Exercise prompt: Write out the lines below exactly, beginning at the one with "Пример условного обозначения" and stopping after the one with "Only 60 meters"; the pictures are not copied.

Information provided:
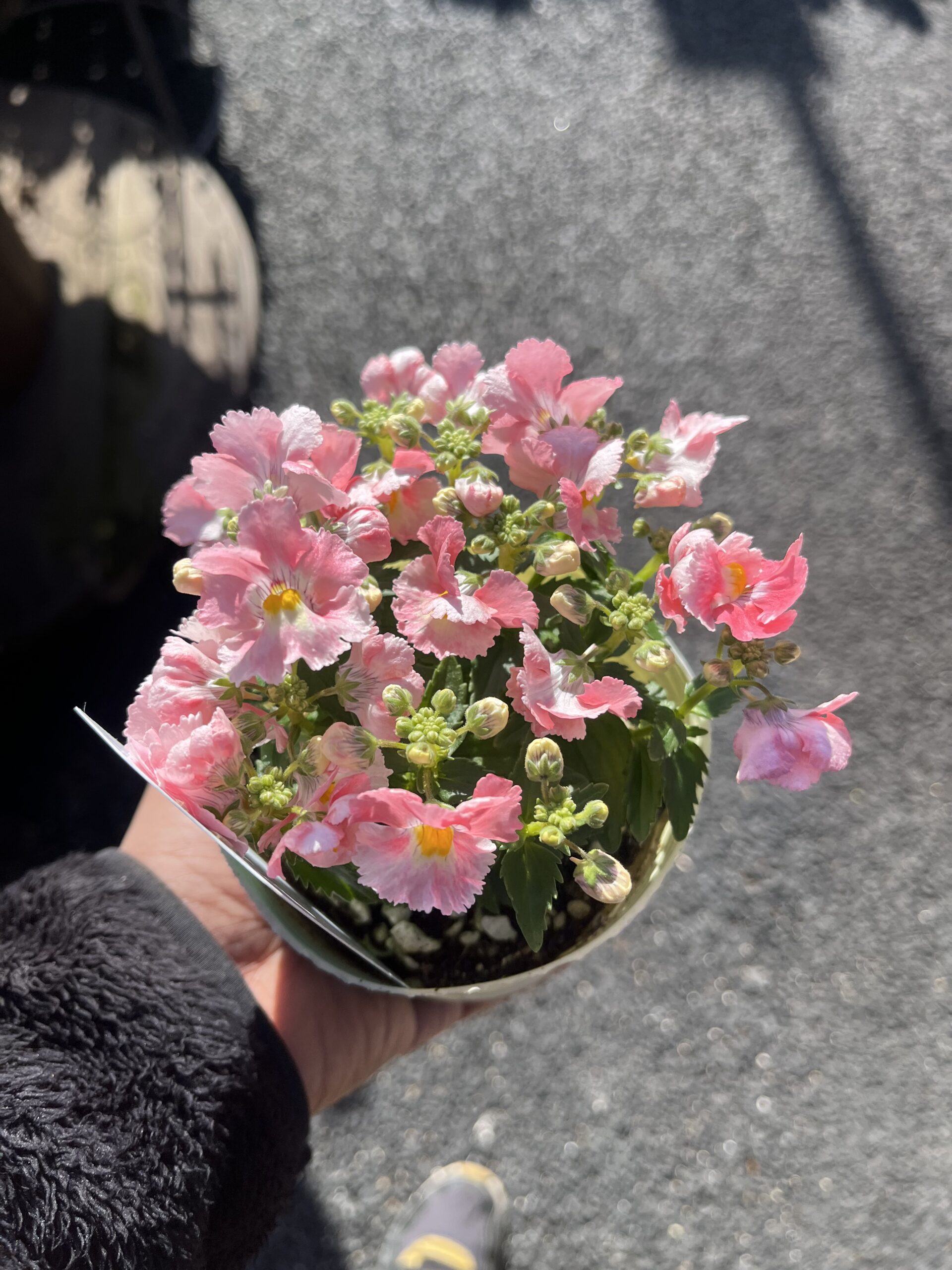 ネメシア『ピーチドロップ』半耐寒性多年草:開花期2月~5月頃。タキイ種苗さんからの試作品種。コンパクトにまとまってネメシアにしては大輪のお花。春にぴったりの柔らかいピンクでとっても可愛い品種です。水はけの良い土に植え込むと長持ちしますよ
---
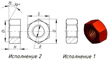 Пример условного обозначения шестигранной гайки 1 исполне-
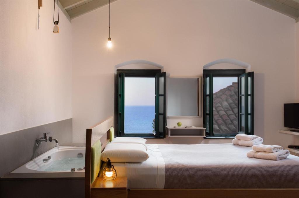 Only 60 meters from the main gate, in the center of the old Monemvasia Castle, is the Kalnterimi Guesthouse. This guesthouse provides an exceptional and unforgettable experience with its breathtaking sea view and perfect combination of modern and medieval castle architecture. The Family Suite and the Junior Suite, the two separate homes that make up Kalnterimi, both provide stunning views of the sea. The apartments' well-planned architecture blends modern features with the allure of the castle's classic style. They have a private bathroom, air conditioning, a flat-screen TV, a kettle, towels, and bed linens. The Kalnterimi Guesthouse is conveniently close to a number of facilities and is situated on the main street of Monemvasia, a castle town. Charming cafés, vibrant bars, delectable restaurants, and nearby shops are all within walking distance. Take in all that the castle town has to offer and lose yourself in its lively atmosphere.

Answer to this exercise:
 Пример условного обозначения шестигранной гайки 1 исполне-
 Only 60 meters from the main gate, in the center of the old Monemvasia Castle, is the Kalnterimi Guesthouse. This guesthouse provides an exceptional and unforgettable experience with its breathtaking sea view and perfect combination of modern and medieval castle architecture. The Family Suite and the Junior Suite, the two separate homes that make up Kalnterimi, both provide stunning views of the sea. The apartments' well-planned architecture blends modern features with the allure of the castle's classic style. They have a private bathroom, air conditioning, a flat-screen TV, a kettle, towels, and bed linens. The Kalnterimi Guesthouse is conveniently close to a number of facilities and is situated on the main street of Monemvasia, a castle town. Charming cafés, vibrant bars, delectable restaurants, and nearby shops are all within walking distance. Take in all that the castle town has to offer and lose yourself in its lively atmosphere.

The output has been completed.